Days after his confirmation, Hegseth blasted out a memo to military school faculty prohibiting instruction that could be in any way construed as promoting “Critical Race Theory, Gender Ideology, and DEI.” Then he gathered service academy leaders on a teleconference. Beamed into each campus was a clear order: Focus on history, warfighting and engineering, and hobble much of the rest. Department heads moved quickly, requesting faculty review their syllabi for materials potentially in conflict with Hegseth’s dictate.

The list of texts Parsons submitted focused on affirmative action, feminism and political theory. One reckoned with the racist underpinnings of famed philosopher Immanuel Kant. He expected they would survive because he believed that “the academy was preparing to fight back.”

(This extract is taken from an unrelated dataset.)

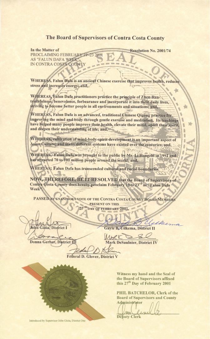 【明慧网2001年3月14日】 加州康特拉考斯塔郡(Contra Costa County, California)宣布2001年2月19日至23日为法轮大法周

It didn’t. West Point ultimately banned Parsons’ entire list, part of a broader sweep across the service academies that scrubbed hundreds of books from courses and library catalogs, including work by James Baldwin and Toni Morrison, plus a slate of texts interrogating masculinity. West Point also dissolved its sociology major and abolished at least a dozen student diversity clubs, including a chapter of the Society of Women Engineers and the Latin Cultural Club. They also removed history and English courses, including one called “Power and Difference.”

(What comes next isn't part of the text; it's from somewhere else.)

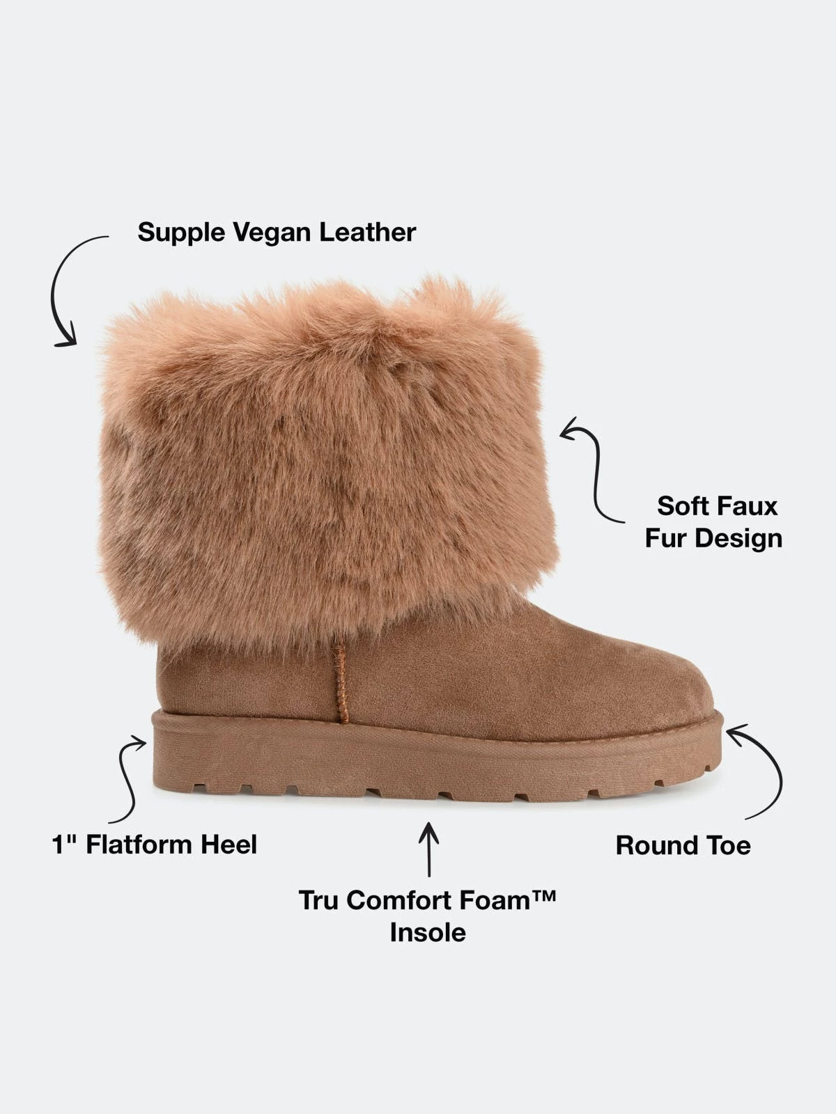 - Materials: Faux Leather Upper; Faux Fur Lining; Manmade Outsole; Tru Comfort Foam Footbed

Administrators capped this off with a new draconian policy requiring military approval for all “journal publications, conference presentations, media interviews, podcasts, opinion editorials, blog posts, social media posts, etc.” According to three faculty members, all of whom were granted anonymity to speak in light of this policy, a civilian law professor at West Point named Tim Bakken protested the speech restrictions as unconstitutional during a faculty council meeting in March. Before he could conclude his case, however, a fellow professor and colonel snapped at him. “You’ve said enough,” he said.

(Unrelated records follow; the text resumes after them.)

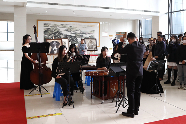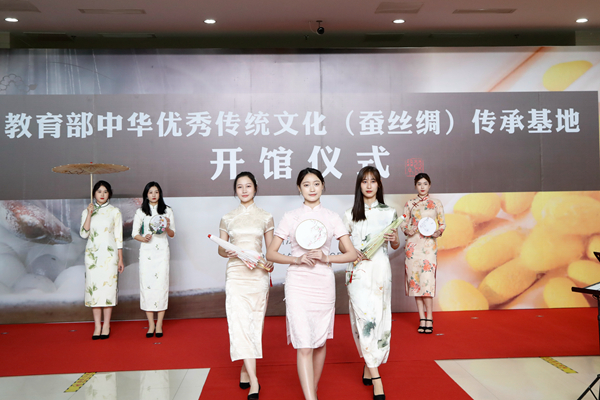 儀式在蠶花藝術(shù)團(tuán)演奏樂曲《蠶桑舞》和校絲綢文化旗袍大使走秀表演《絲韻江南》中拉開帷幕。
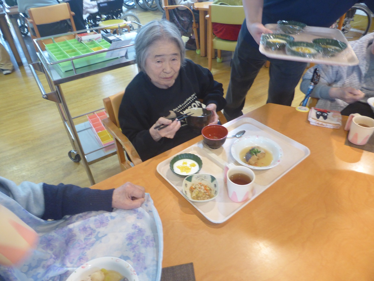 昼食ではお鍋、おやつではケーキを提供し、皆さん美味しいと召し上がられていました。
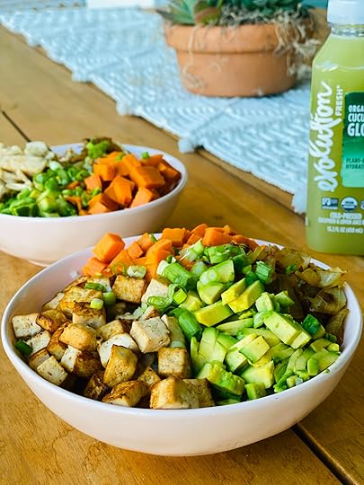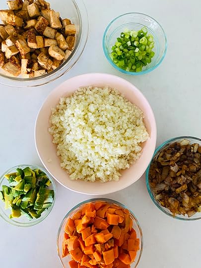 Step 10: Once everything is done, time to decorate your bowl! I put the cauliflower rice on the bottom, and section out the tofu, sweet potato, onions, and avocado on top! Then I sprinkle with some chopped onion. If you’ve got extra marinade, feel free to pour some on your bowl at this point to add even more flavor!
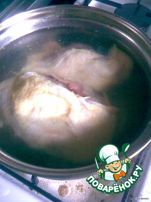 Курицу ( я для пиццы беру суповой набор) отварить в специях (чесночная соль, карри, душистый перец, лаврушка, гвоздика).
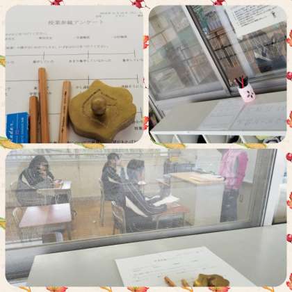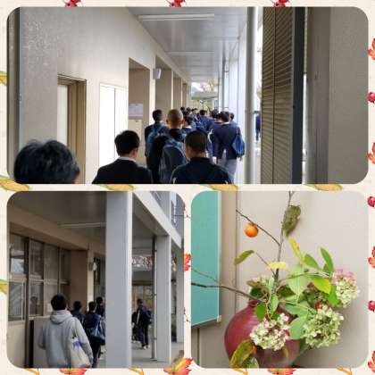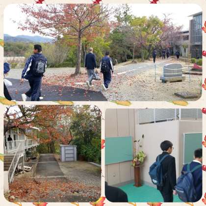 朝礼を終え教室へ向かう道は、紅葉した木々と常緑樹、そして落葉した葉でとても情緒があります。

During Trump’s first term, Parsons had authored a piece critical of his transgender military ban. According to Parsons, West Point’s press office wasn’t thrilled, but then-Dean Cindy Jebb backed him up, asserting that he was exercising his academic freedom. But Jebb has since left, and others have been elevated, forming a new school hierarchy that sees things differently. Shortly before Trump’s inauguration this year, West Point pleaded with Parsons to withdraw a piece he’d written for Lawfare about the importance of nonpartisanship in the military, worried it might attract the incoming administration’s ire. Parsons reluctantly complied. But as West Point’s academic crackdown intensified throughout the spring, Parsons lost faith in leadership, and was worried, too, that what was happening on campus portended worse things to come. In early May, he articulated these concerns in The New York Times, arguing that the school was now aiming to “indoctrinate, not educate” America’s future military leaders.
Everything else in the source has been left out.